Thirsty: Blind peer review

But Doktor Snarky,
vee are already fameeliar
with this scholarship! In vact,
we are using it in
our own monograf!
Q. If you sent an article out for blind peer review, and it had the exact same title as a conference talk you had previously given, would you remove that conference talk listing from your faculty web page?

Or would you just not care that your blind peer reviewer could google you in a nanosecond?

A. Go on, reply below.


  1. I would not bother. Blind peer reviewers can often find out who you are by opening up the "Properties" menu in Microsoft Word.

    But then again, I don't worry too much about sabotage. Perhaps my career isn't worth sabotaging...

  2. In my field, it would be very easy to figure out for most of my papers who I am. There just aren't that many people working on certain topics.

    Besides, the conference programs will probably show up independently of my online c.v.

    Changing the title might help, depending on the field.

  3. I suspect there's a pretty good chance the peer reviewer was at the conference and knows your work anyway.

  4. No need to delete it. Proffies don't know how to do this new-fangled "Google" thing. All undergrads know that. It's why we can never catch them when they cut-n-paste from Wikipedia.

  5. According to the silverbacks, "blind" peer review is rarely blind.

  6. "No need to delete it. Proffies don't know how to do this new-fangled "Google" thing. All undergrads know that. It's why we can never catch them when they cut-n-paste from Wikipedia."
    - Dude the Obscure

    If the punishments were more severe, maybe the little shits would do their own work. Start hacking off thumbs and things would change.

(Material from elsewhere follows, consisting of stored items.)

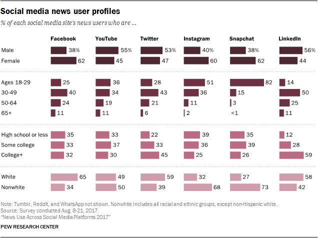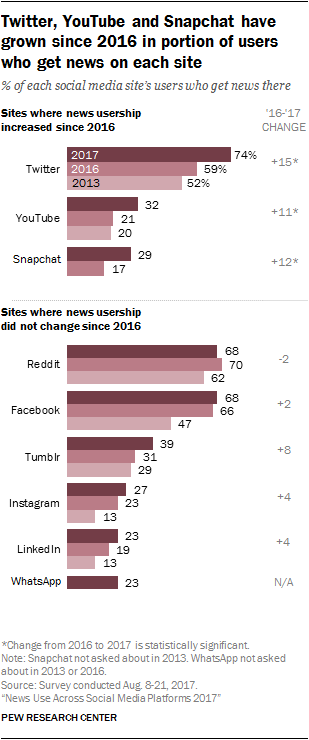 Today, 67% of U.S. adults get at least some news on social media. Twitter, YouTube and Snapchat serve as sources of news for more of their users, though Facebook still leads as a source of news for Americans. The greatest increase is among older, nonwhite, and less educated.
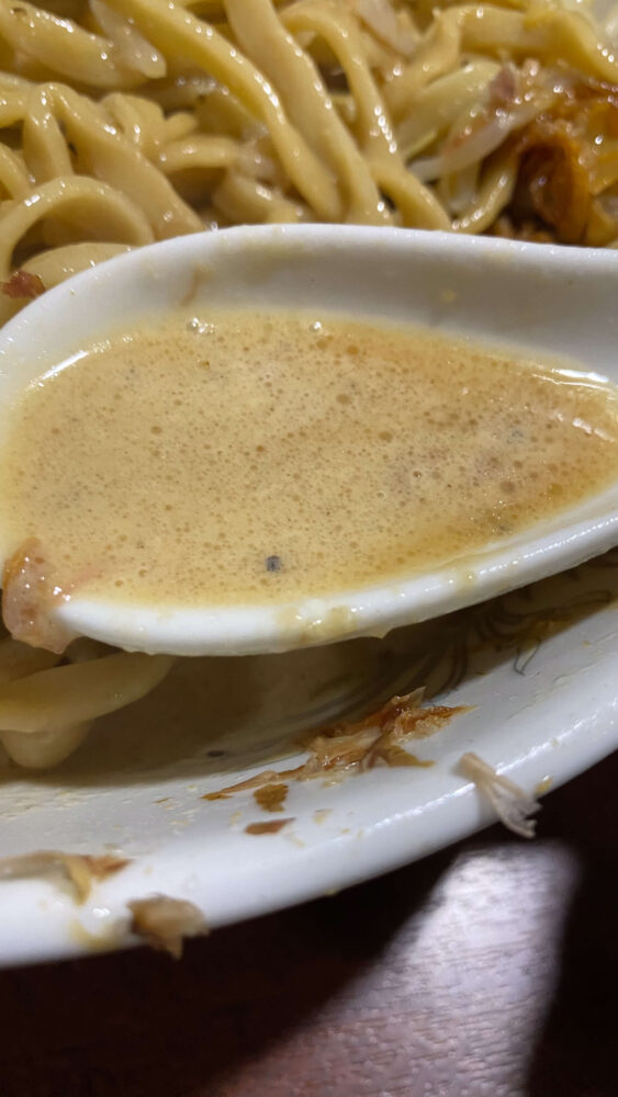 D麺の汁無しはカツオ節やフライドオニオン、マヨネーズなど、さまざまな旨味や食感も味わえて美味しかったですね!
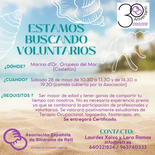 La Asociación Española de Síndrome de Rett busca voluntarios/as para su Encuentro de Familias y Gala Benéfica por su 30 aniversario
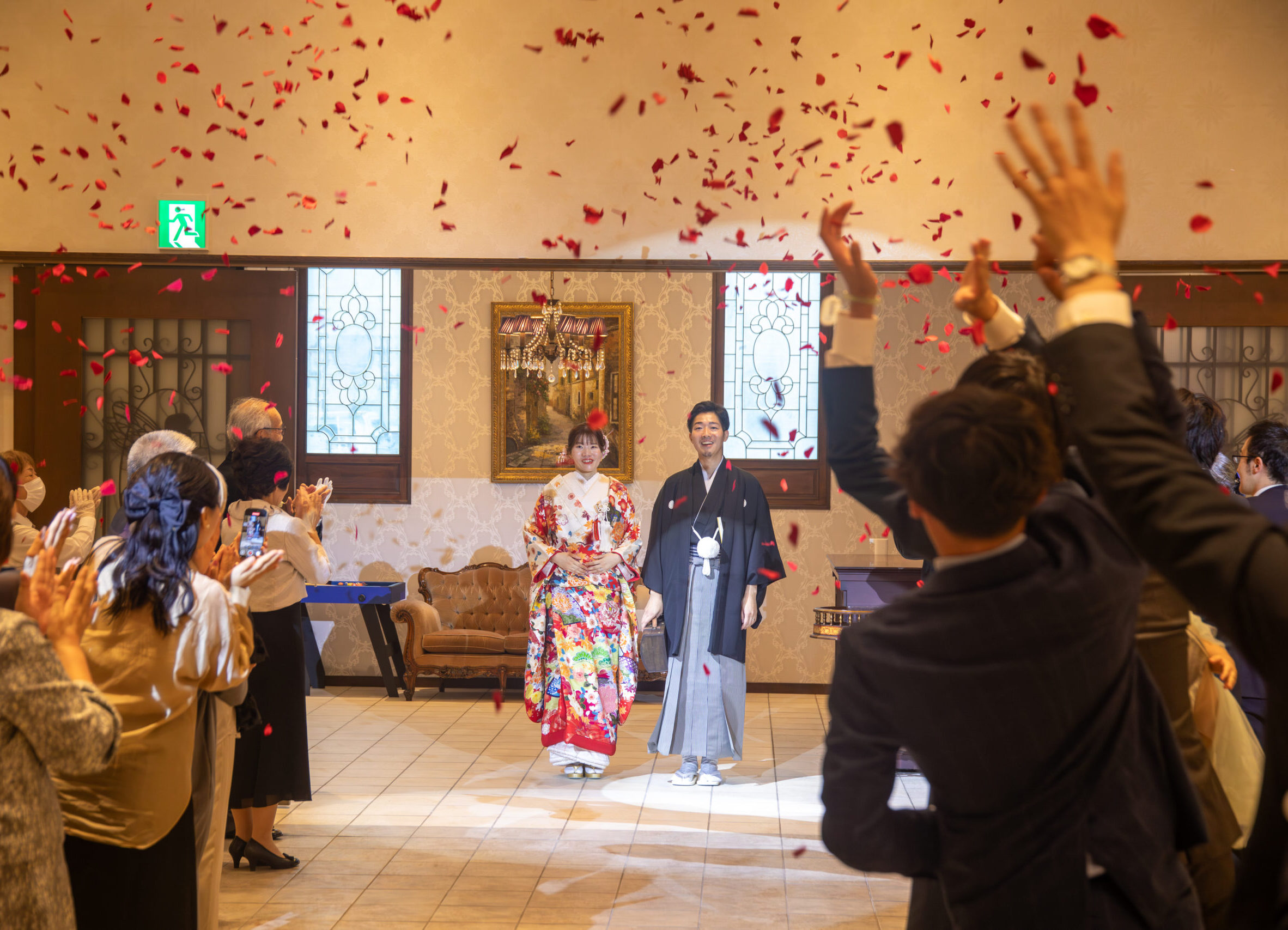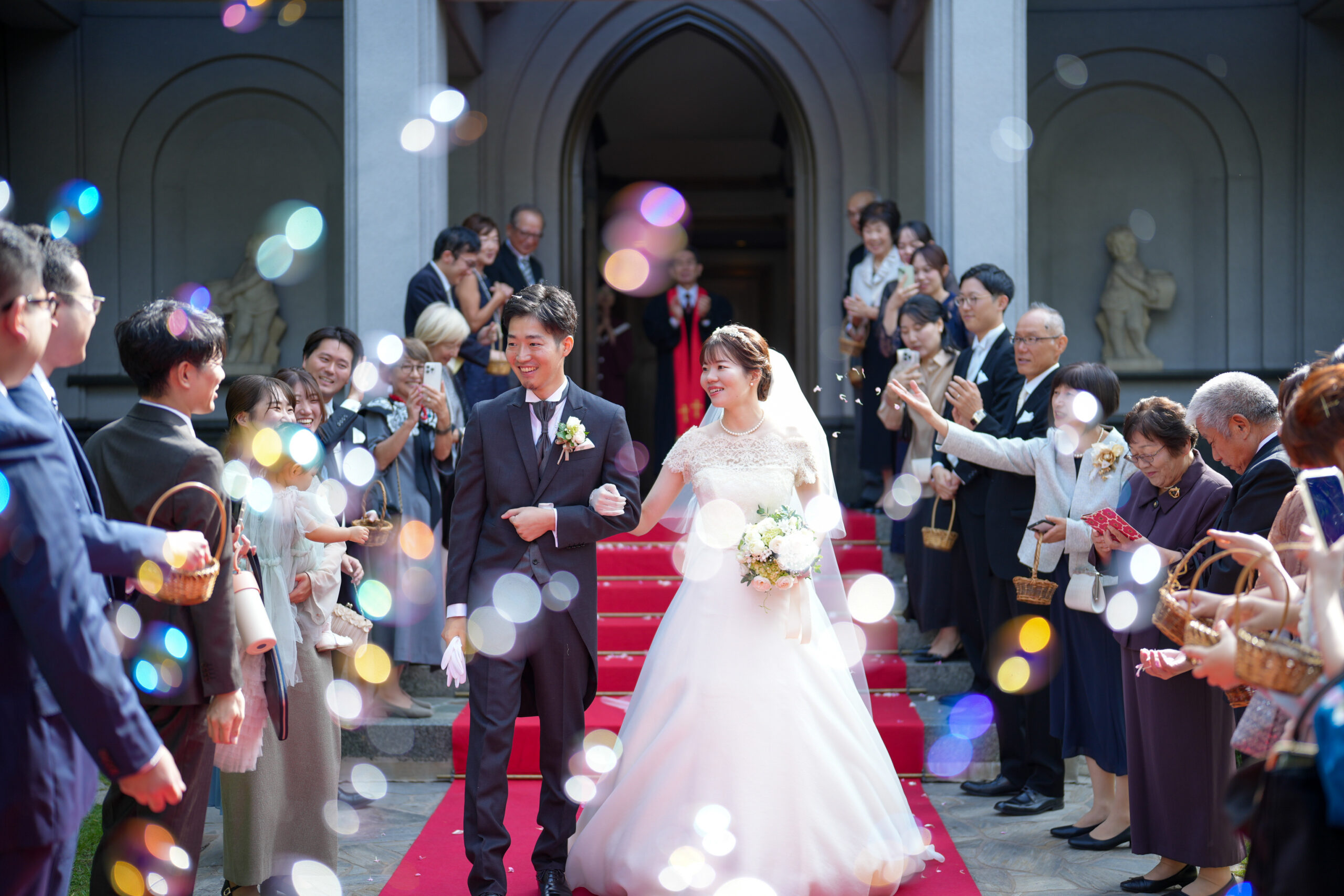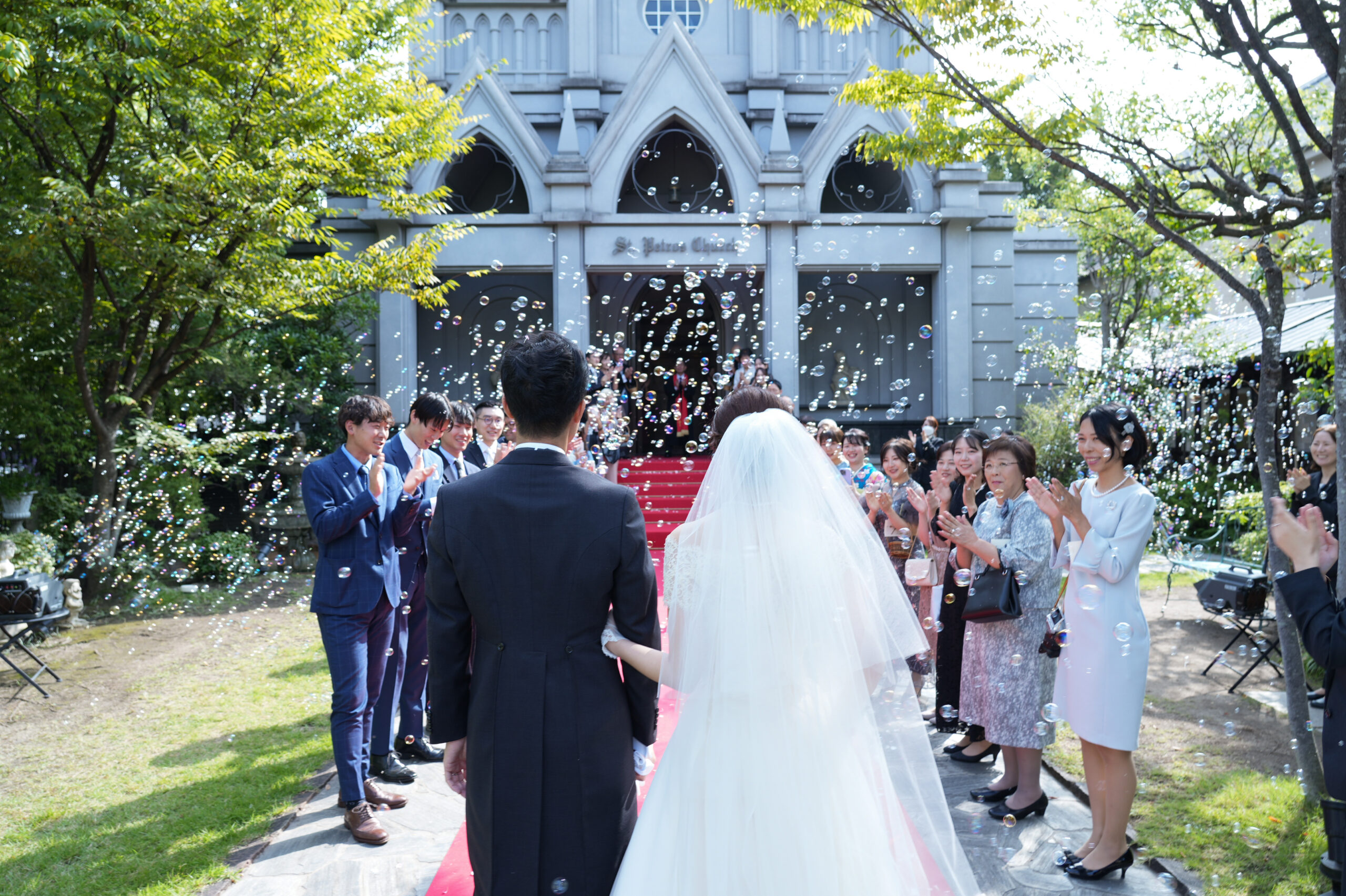 挙式後は、シャボン玉とゲストの温かい祝福の拍手に包まれながら、ご退場されました。
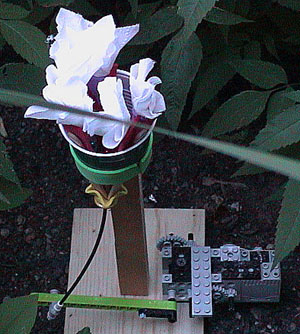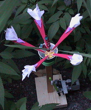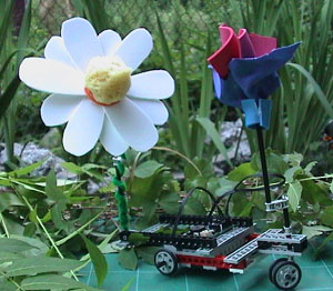 |  | Dancing Flowers: (Click to watch the flower dance) A Fwd-Rev-Rt-Lt Chassis, modified for the micro motors and MIT programmable Cricket, makes the rose turn and the daisy sway. The program loops around a right turn and then a left turn. |

  7. Some people, for the sake of full disclosure, add a footnote to the title on the lines of "a first version of this paper was delivered in the Fruitbat Studies International Conference."

  8. FWIW, I'm not the author--I'm the googling peer reviewer. (Only when a piece is particularly stunning or particularly terrible, of course; that's when curiosity gets the best of me.)

  9. I'm pretty sure the Chronicle doesn't mind us just using their graphics.

    Or, they do and I'm being an ass about it.

  10. This is actually a drawing by James Yang that was used in Paradigm magazine, but Yang is a frequent illustrator for the Chronicle.

    I encourage folks - again, please - NOT to use graphics that belong to someone else. RYS and CM have always tried to edit, merge, obscure, futz with any graphics we've used on the sites.

    This graphic is even used without credit.

  11. Well. I'd edit the post to delete the image, but Blogger is broken.

    Fab, if you have an image policy, put it in the Rules of Misery. I'm not a mindreader, and I don't read every post here, but I do respect the rules.

    I mean, seriously.

  12. I'm sorry Snarky. I've commented on the policy several times, but you're right that it is not in the rules. I apologize that I've mentioned it to you poorly. I'm trying to protect the blog, and it's not personal in any way.